Why laws can’t guarantee safe staffing levels

why laws can't guarantee safe staffing levels

Is the complexity of nurse staffing compatible with the blunt force of a law?

FEW can doubt that nursing administration knows a great deal more about safe staffing than it did before the 1980s. In fact, so many medical, nursing, and administrative journals have published so much on safe nurse staffing that you’d have to be functionally illiterate to say “we don’t know what’s safe.” In short, Clarke found that “the available evidence indicates that there is a statistically and clinically significant association between RN staffing and adjusted odds ratio of hospital-related mortality, failure to rescue, and other patient outcomes.” And Kane and colleagues noted that “low RN staffing is a serious risk factor for negative outcomes in patients hospitalized in acute care settings.” I might add that research shows that low staffing levels aren’t good for nurses either.

why laws can't guarantee safe staffing levels postThat being said, why isn’t it a good idea to pass laws that mandate nurse/patient ratios? A law is a blunt instrument that doesn’t deal well with a very complicated issue—and nurse staffing is nothing if not complex. Consider these factors:

  • patient acuity
  • presence and number of patient comorbidities
  • patient level of consciousness and physical capability
  • families and their ability to cope
  • nurses’ knowledge and experience
  • presence (or absence) of support personnel
  • hospital management philosophy and organization
  • presence (or absence) of expert backup
  • physical layout of the hospital unit
  • presence (or absence) of various students seeking clinical experience on the unit
  • various and sundry other issues (physician/nurse communication, presence of advanced nurse practitioners, percentage of specialty certified staff, ratio of RNs to nursing assistants, ratio of full-time to part-time staff…and more).

Why do knowledgeable people oppose mandating RN/patient ratios? See all of the above—and add the well-established fact that a legally mandated minimum quickly becomes a de facto maximum.

Why do knowledgeable people support mandating RN/patient ratios? The world of the hospital often leaves nurses understaffed—so mandating ratios seems the lesser of two evils.

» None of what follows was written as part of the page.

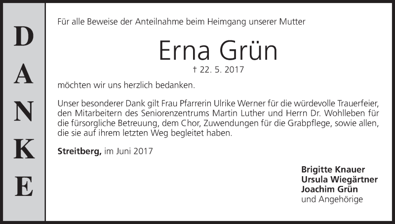 Hier finden Sie alle Traueranzeigen aus der Zeitung, die bisher für Erna Grün erschienen sind. Weitere Traueranzeigen, die in der Zeitung erscheinen, werden hier ebenfalls aufgelistet
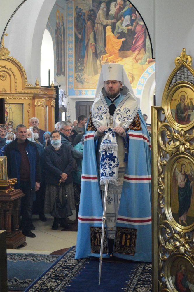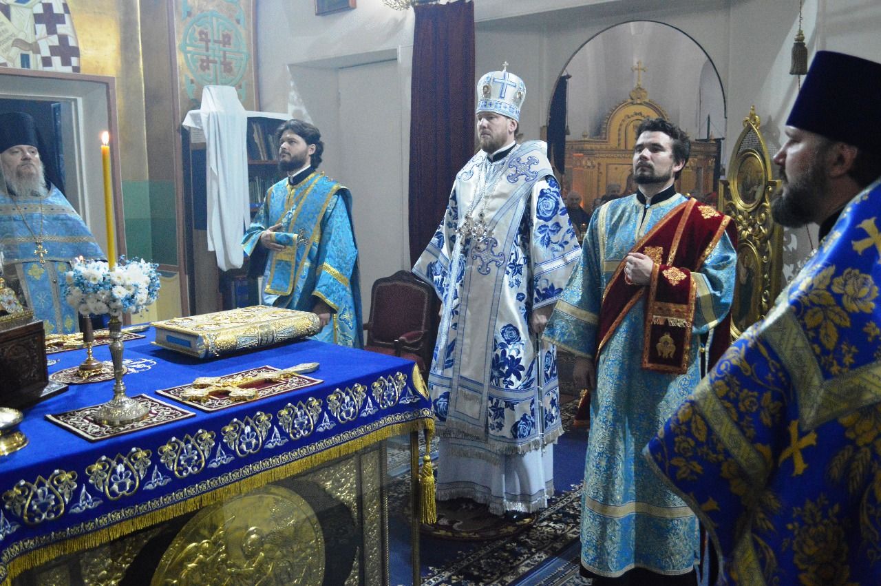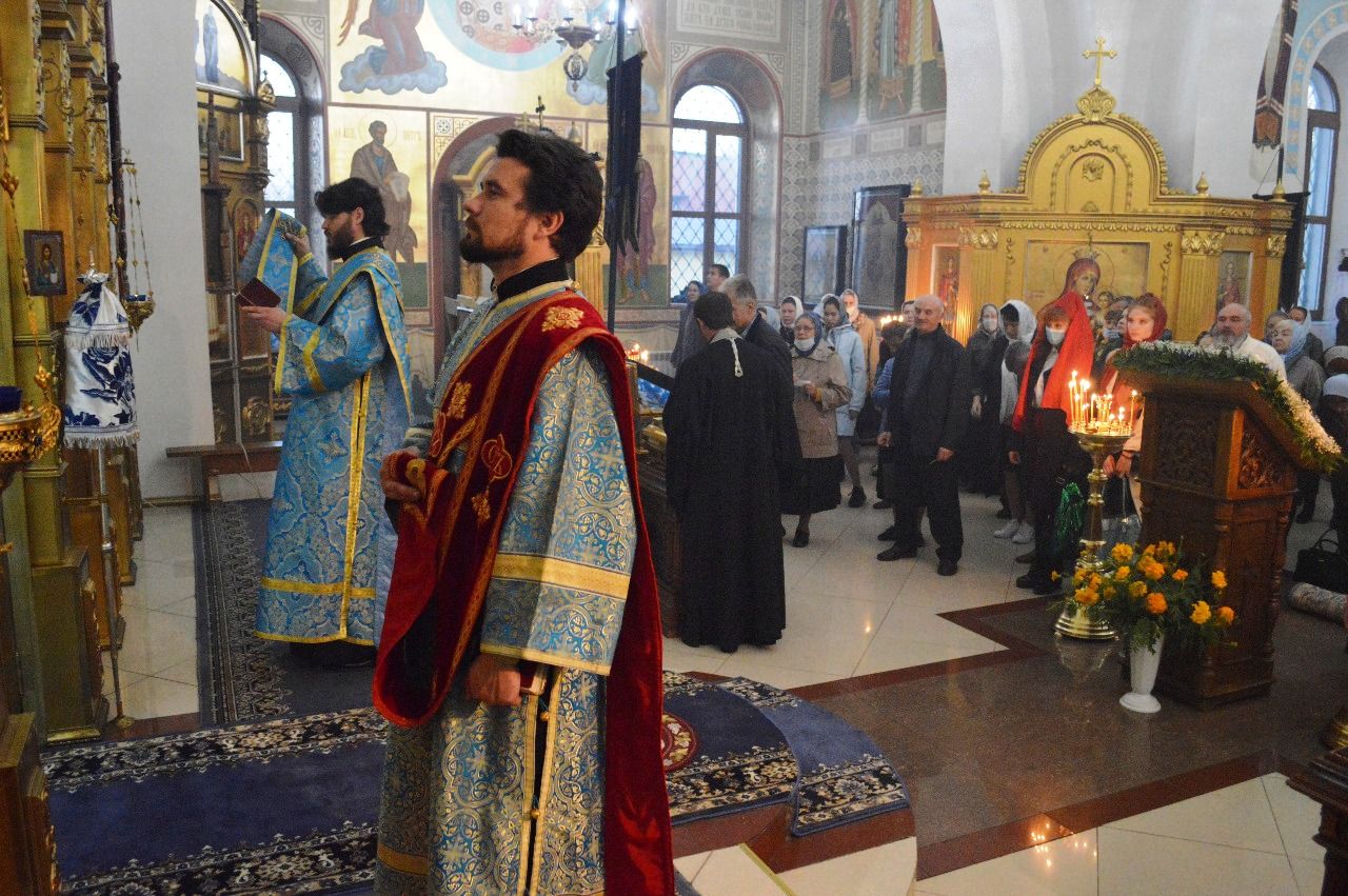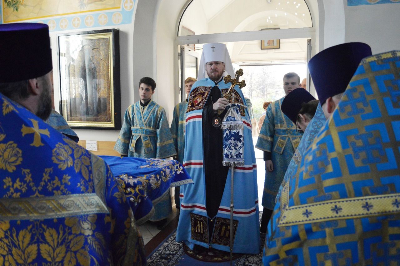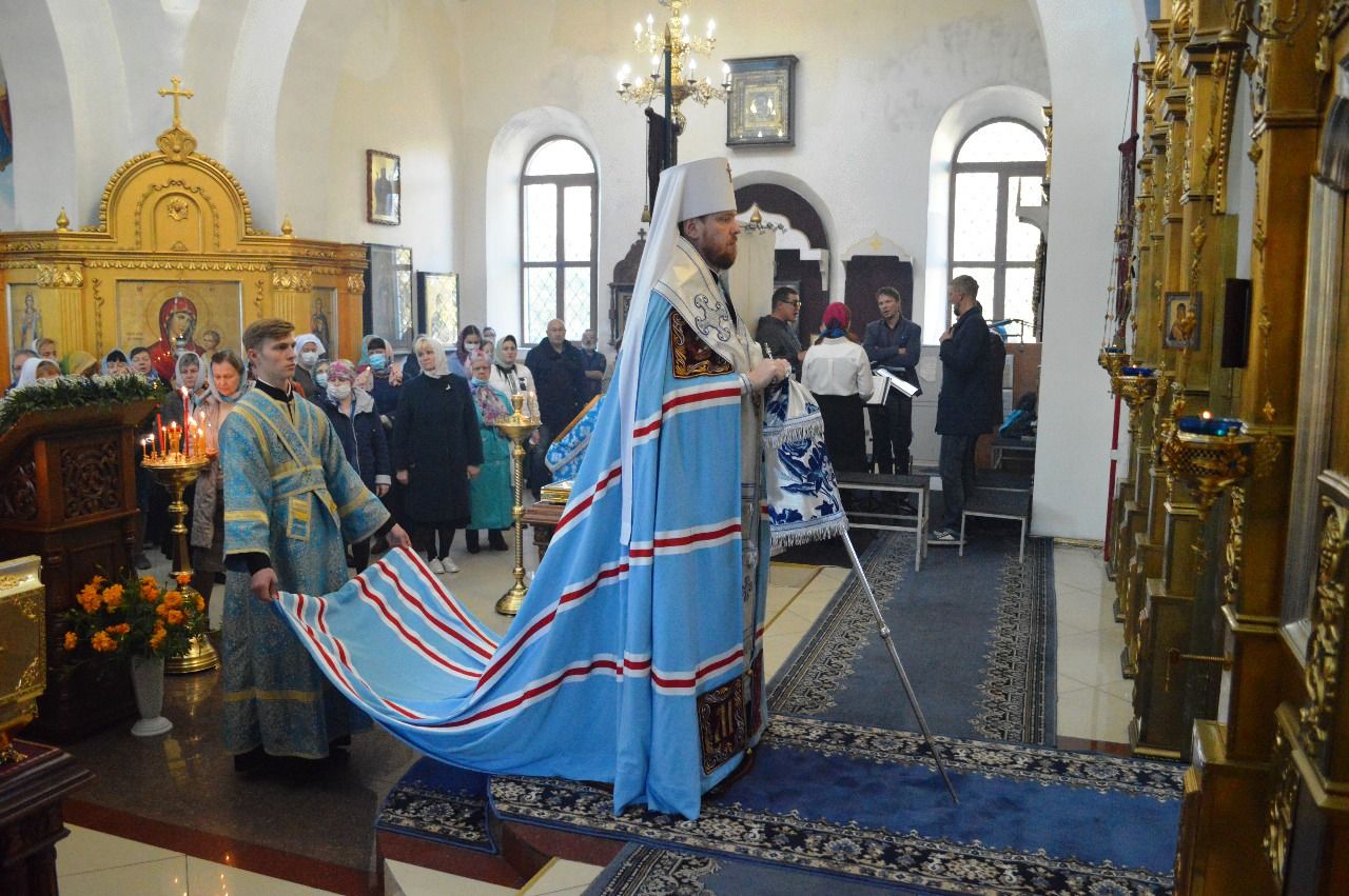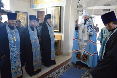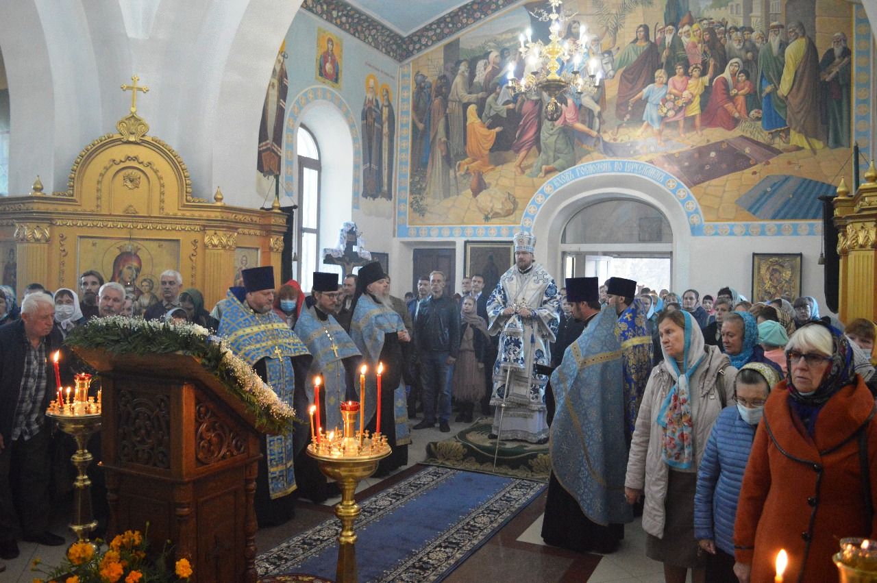 Его Высокопреосвященству сослужили настоятель храма Покрова Божией Матери протоиерей Сергий Якутов, игумен Феофан (Зиборов), иерей Павел Моисеев, иерей Сергий Качев, иерей Владимир Григорьев.

For those who are trying to save money on nurse staffing, researchers have several suggestions:

  • Employ sufficient nursing staff to meet patients’ needs without using overtime or excessive capacity expectations that may affect nurse health and patient outcomes.
  • Increase the mix of full-time to part-time employees (part-time staff should be used to cover unexpected or variable demands).
  • Ensure strong, cohesive, and knowledgeable teams to provide continuity of patient care and to create supportive work environments for nurses.
  • Reinvest in appropriately prepared managers and nurse clinical leadership.
  • Examine frontline nurses’ roles and activities to determine ways to increase the time available for patient care.

leah curtin registered nurse faan

 

 

 

 

Leah Curtin, RN, ScD(h), FAAN

Executive Editor, Professional Outreach

American Nurse Today

Selected references

Clarke SP. Registered nurse staffing and patient outcomes in acutecare: Looking back, pushing forward. Med Care. 2007;45(12):1126-8.

Kane RL, Shamliyan T, Mueller C, Duval S, Wilt TJ. Nurse staffing andquality of patient care. Evid Rep Technol Assess. 2007;(151):1-115.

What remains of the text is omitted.